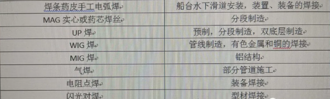 船舶制造过程中一定要用到焊接技术,根据船舶大小和种类的不同,焊接占整个生产制造工作量的20%-40%,在船舶制造过程中通常能用到如下工艺:
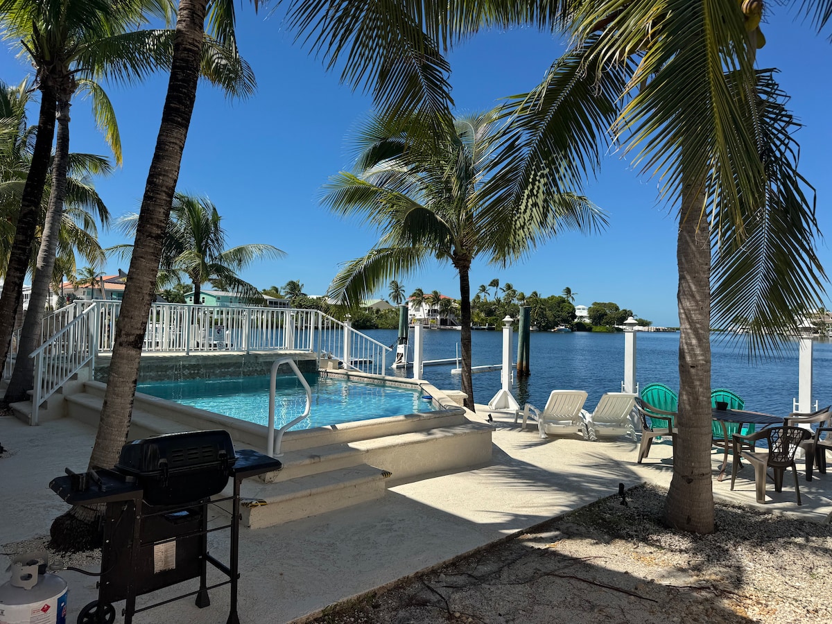 3BR/ 2 BA stilt dar fuq kanal ċar kristall b' veduti tal-ilma miftuħ fuq ilma fond b' dgħajsa ta' 30 pied tiżloq fuq cul de sac. Distanza qasira bil-mixi sa diversi ristoranti/bars, ħwienet u l-Klabb Cabana b' bajja, pixxina u hot tub. Magħluq f' terrazzin faċċata tal-ilma b' għarix tat-tiki. Tajjeb għat-tfal, b' ġugarelli u siġġu għoli. Parkeġġ kopert. Il-klijenti meħtieġa jiffirmaw ir-Regolamenti għall-formola Key Colony Beach.
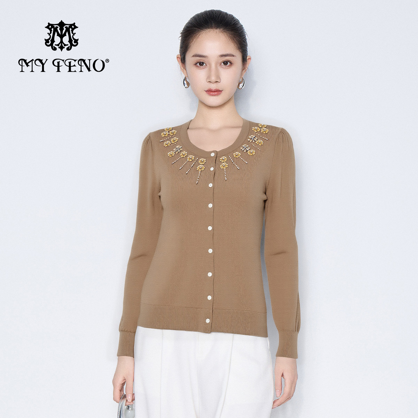 马天奴2025秋冬新款驼色钉珠圆领单排扣绵羊毛针织开衫毛衫气质女
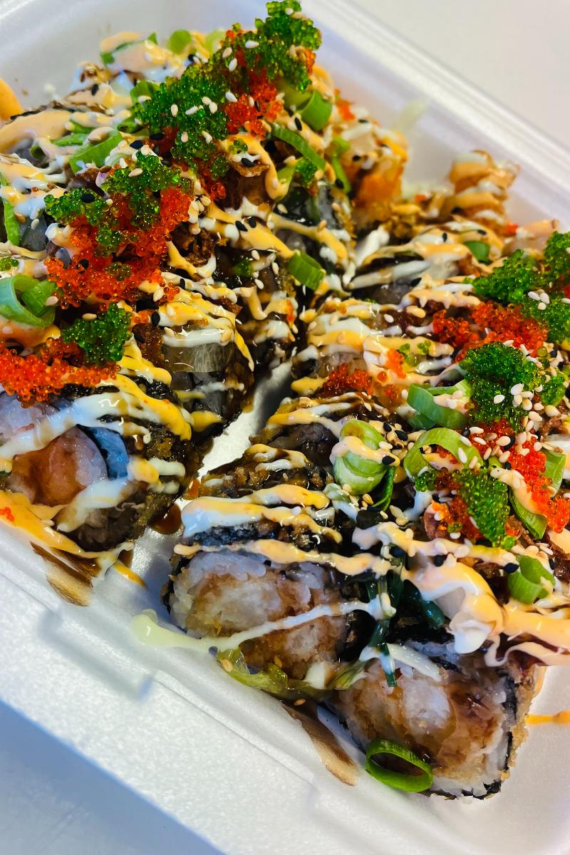 10 Hot & Dirty biter salmon, Toppet med syltet ingefær, wakame, sprø løk, vårløk, sesamfrø, rød og sort tobikko, wasabi majones, Teriaki saus og chili majones. Chilimajones er veldig sterk så om du vil ha den mindre sterk så skriv at du vil ha mindre eller ingen majones.
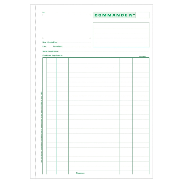 Ce carnet se compose de 50 feuillets numerotes et autocopiants en 2 exemplaires (1 original 1 copie) qui vous permet de noter et d’enregistrer les commandes. les 1er et 2eme feuillets sont microperfores et se detachent facilement, le 3eme feuillet reste dans le carnet.
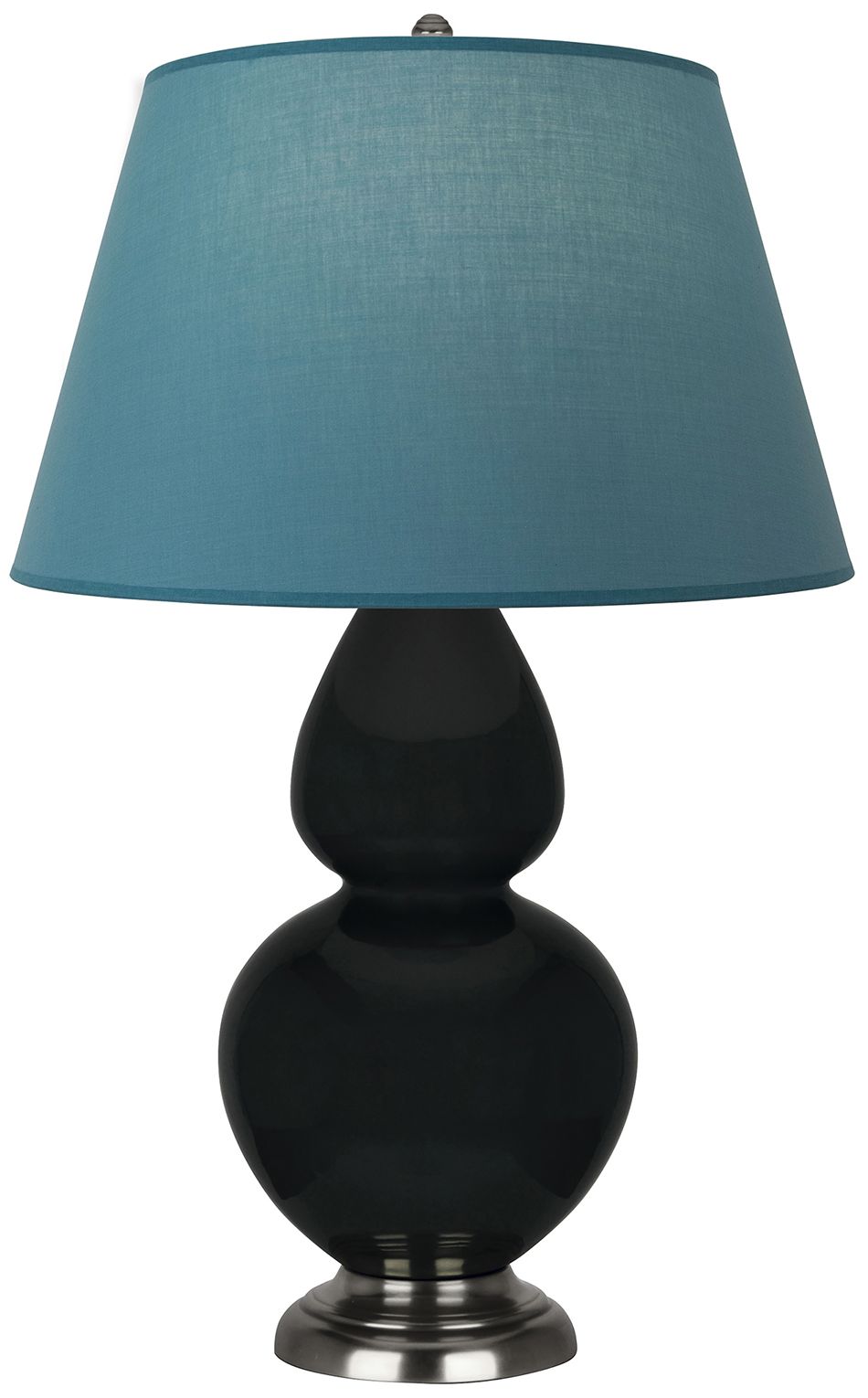 Double Gourd 31"H Obsidian And Silver Lamp w/ Bright Blue And Gray Shade
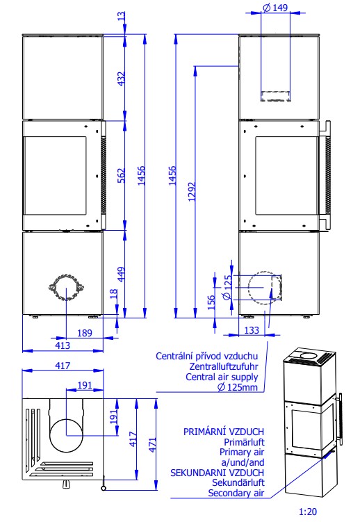 Võimalus ühendada kamin välisõhu sisselaske süsteemiga (EAI) muudab ESQUINA H mudeli sobivaks just passiiv- ja madala energiavajadusega majadesse.
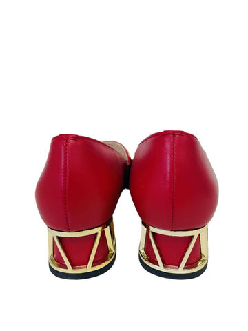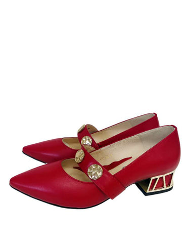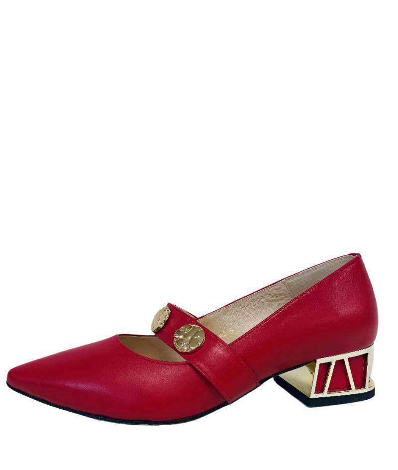 Elevate your style with the Karen Koo Pump - 7963RD. This unique pump boasts a pointy toe design, an elasticated leather strap with gold accents, and matching gold features on the heel. Make a statement with this stylish pump that takes your look to another level.  Perfect for those moments when you can't wear heels but still want to look stylish and put together.

What you have to do → The data above should be repeated exactly, minus any pictures.

Output for this exercise →
 船舶制造过程中一定要用到焊接技术,根据船舶大小和种类的不同,焊接占整个生产制造工作量的20%-40%,在船舶制造过程中通常能用到如下工艺:
 3BR/ 2 BA stilt dar fuq kanal ċar kristall b' veduti tal-ilma miftuħ fuq ilma fond b' dgħajsa ta' 30 pied tiżloq fuq cul de sac. Distanza qasira bil-mixi sa diversi ristoranti/bars, ħwienet u l-Klabb Cabana b' bajja, pixxina u hot tub. Magħluq f' terrazzin faċċata tal-ilma b' għarix tat-tiki. Tajjeb għat-tfal, b' ġugarelli u siġġu għoli. Parkeġġ kopert. Il-klijenti meħtieġa jiffirmaw ir-Regolamenti għall-formola Key Colony Beach.
 马天奴2025秋冬新款驼色钉珠圆领单排扣绵羊毛针织开衫毛衫气质女
 10 Hot & Dirty biter salmon, Toppet med syltet ingefær, wakame, sprø løk, vårløk, sesamfrø, rød og sort tobikko, wasabi majones, Teriaki saus og chili majones. Chilimajones er veldig sterk så om du vil ha den mindre sterk så skriv at du vil ha mindre eller ingen majones.
 Ce carnet se compose de 50 feuillets numerotes et autocopiants en 2 exemplaires (1 original 1 copie) qui vous permet de noter et d’enregistrer les commandes. les 1er et 2eme feuillets sont microperfores et se detachent facilement, le 3eme feuillet reste dans le carnet.
 Double Gourd 31"H Obsidian And Silver Lamp w/ Bright Blue And Gray Shade
 Võimalus ühendada kamin välisõhu sisselaske süsteemiga (EAI) muudab ESQUINA H mudeli sobivaks just passiiv- ja madala energiavajadusega majadesse.
 Elevate your style with the Karen Koo Pump - 7963RD. This unique pump boasts a pointy toe design, an elasticated leather strap with gold accents, and matching gold features on the heel. Make a statement with this stylish pump that takes your look to another level.  Perfect for those moments when you can't wear heels but still want to look stylish and put together.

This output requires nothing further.